Wednesday, July 6, 2016

Doesn't Everybody Love Pink?

I’ve seen it written a couple of times that Type 1 diabetes (T1D) is the only disease where the patient manages their own care.  That’s no joke when taking too much or too little insulin can quickly get you a trip to the hospital.  Given that, you’d think there’d be a lot of training provided at diagnosis.  I don’t know what that day looks like for other adults, though I’ve read numerous stories about childhood diagnoses that involve multi-day hospital stays to train families on how to dose insulin, what affects blood sugar, what sources of support are available, etc.  My diagnosis was less comprehensive to say the least, and turned out to be even more frustrating than I realized in the moment.

After my endocrinologist dropped the Type 1 bombshell in my lap, I had no idea what was really going on.  Honestly, I couldn’t have told you how to give a shot of insulin without reading the directions the next day.  But there are those moments that remain crystal clear in memory.  After hearing I had T1D the appointment took another horrifying turn when my doctor went to get me my shiny new glucose meter.  When he returned to the exam room he proudly shared that he’d picked a pink one for me.  Pink?  I was 42 years old.  Until very recently, I haven’t worn or owned anything pink since my mom stopped picking out my clothes.  And since pink isn’t really her style either, I doubt there was much of it 40 years ago.  But to him it was only natural that any woman would choose a pink meter.  As if I wasn’t stressed out enough, I knew in that moment that I hated him.
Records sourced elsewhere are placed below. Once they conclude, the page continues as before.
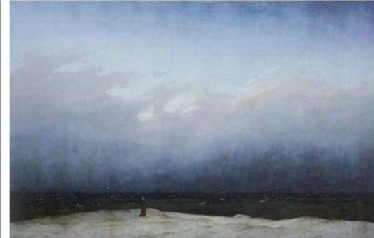
C.D. Friedrich/Alte Nationalgalerie
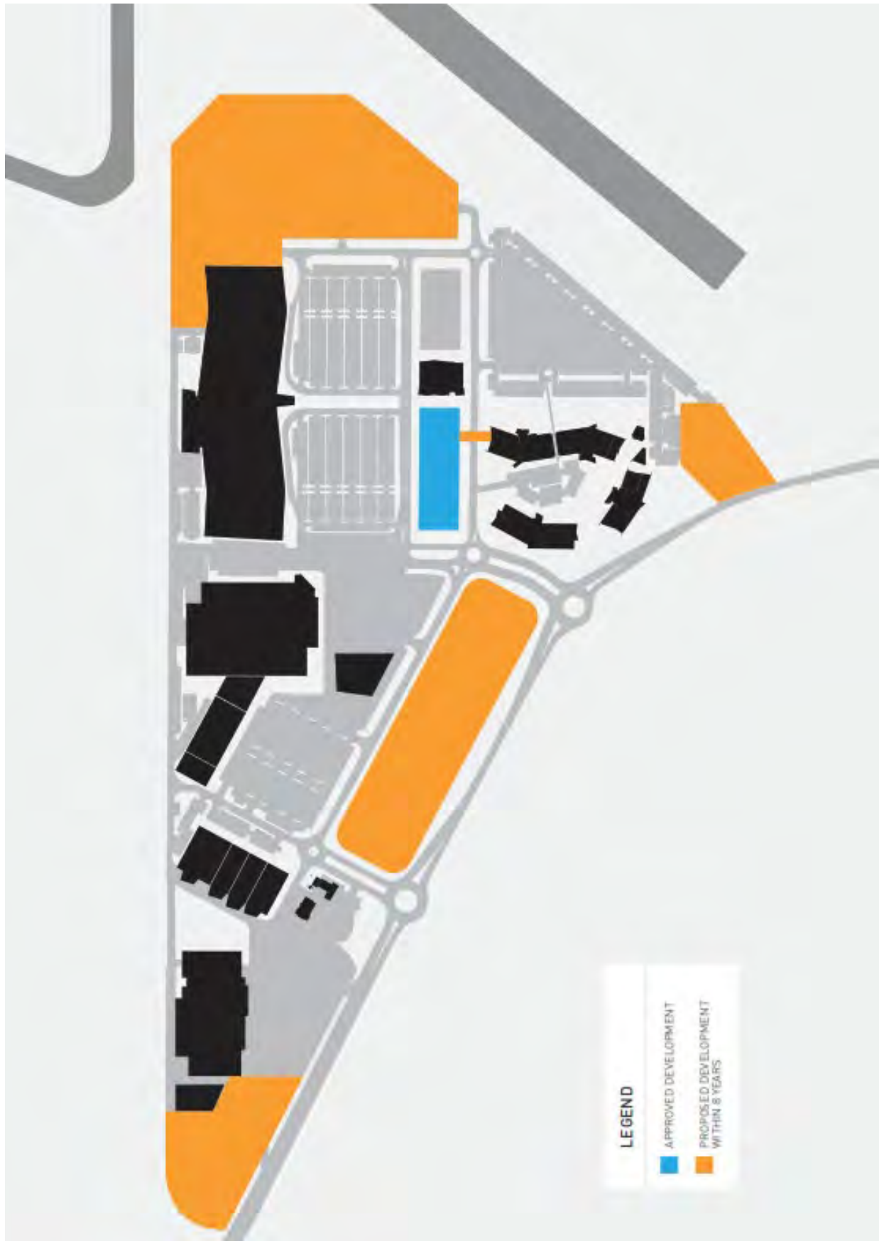
Figure 8.4 - Majura Park precinct
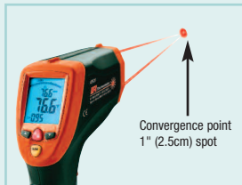
Two laser points converge at a distance of 50"/(127cm) and form a 1" (2.5cm) spot.
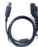
Programming Cable (USB Port) PC38
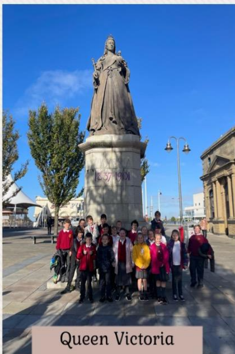
Queen Victoria statue
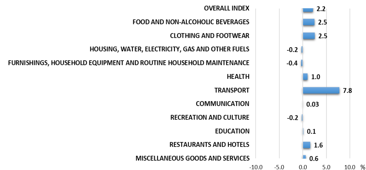
CPI Month-on-Month Changes in August 2021
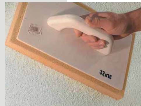
5 Felt-floating with fine sponge float
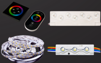
LED lighting and accessories
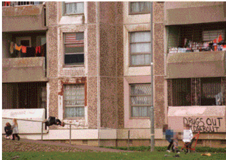
Children playing in Ballymun.
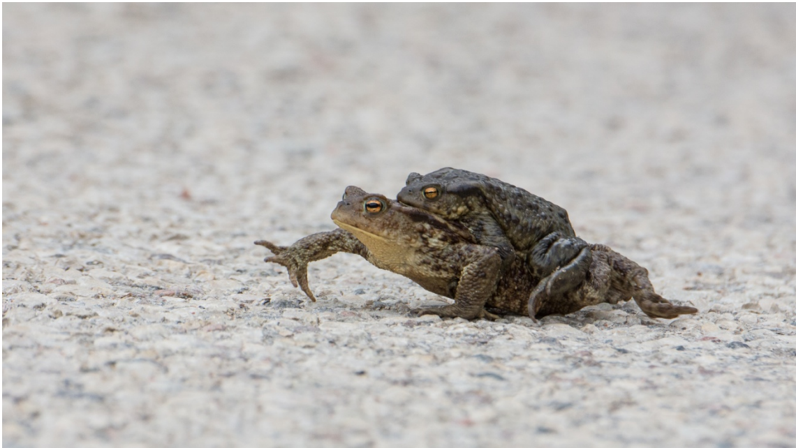
European Toads [near to Haapsalu]

The instructions my new doctor gave me on how to handle my terrifying disease were as simple as his ridiculous assumption that all women would jump for a pink accessory.  He showed me how to check my sugar and gave me my first insulin shot.  I was given 2 types of insulin to take home:  one to administer once a day, and one to administer any time I consumed carbohydrates or had a high glucose reading.  The whole situation was explained as a simple math problem.  Eat X, inject Y.  Check your sugar 3 times a day…if the number is above X, inject Y.  Once I got over the shock that I was now insulin dependent, I figured I could handle this.  It sounds easy, right?  I’ve spent my career analyzing data, I should be able to do math a couple of times a day.  No problem.

What my doctor didn’t tell me is that Type 1 is anything but simple and often defies the laws of math and reason.  I can eat the exact same foods 2 days in a row, but the first day my sugar will run around 100 and the second day around 200.  Why?  I’ll never know.  That’s the fun and frustration of T1D.  Stress, fatigue, rotten luck, Venus is in retrograde…they could all be factors.  Maybe not the last one, but I wouldn’t bet on it!  Sometimes there just aren’t answers, because we’re talking about the highly complex human body.  I’m trying to play the role of my pancreas, but I don’t have all the information that it has.  I know what I ate and how active I’ve been.  What I don’t know is anything about what’s going on in my body at that moment.  So in a way, I’m aiming at a moving and invisible target most of the time.

The closest I can come to finding that target is to know my current blood sugar.  The instructions my doctor gave me to test 3 times a day?  I immediately realized that made no sense when internet research showed me other T1s checking before every meal, 2 hours after every meal, first thing in the morning, last thing at night, and before/after exercise.  That’s a lot more than 3 tests, so he’d given me directions to walk through most of the day in the dark.  Without knowing where I am, I don’t know where I need to go and certainly can’t plot a path to get there.

It turns out that neither my endocrinologist nor the Certified Diabetes Educator (CDE) in his office taught me much of anything about T1D.  I’ve learned how to manage my disease and everything it brings on the Internet.  When something new comes up like my recent research into getting a continuous glucose monitor, I go back to T1D apps, message boards, Facebook pages and youtube channels for help.  I guess maybe since I have a disease where I’m in charge of my treatment, it follows that it’s other patients and not my doctor who taught me how to live with T1D.  That said, it scares me that my experience may be the norm.  I haven’t changed doctors, because he consistently writes the prescriptions I want in the quantities I ask for and I can’t quite motivate myself to make a change yet.  But I think of that pink glucose meter every time I see him.  Pink?!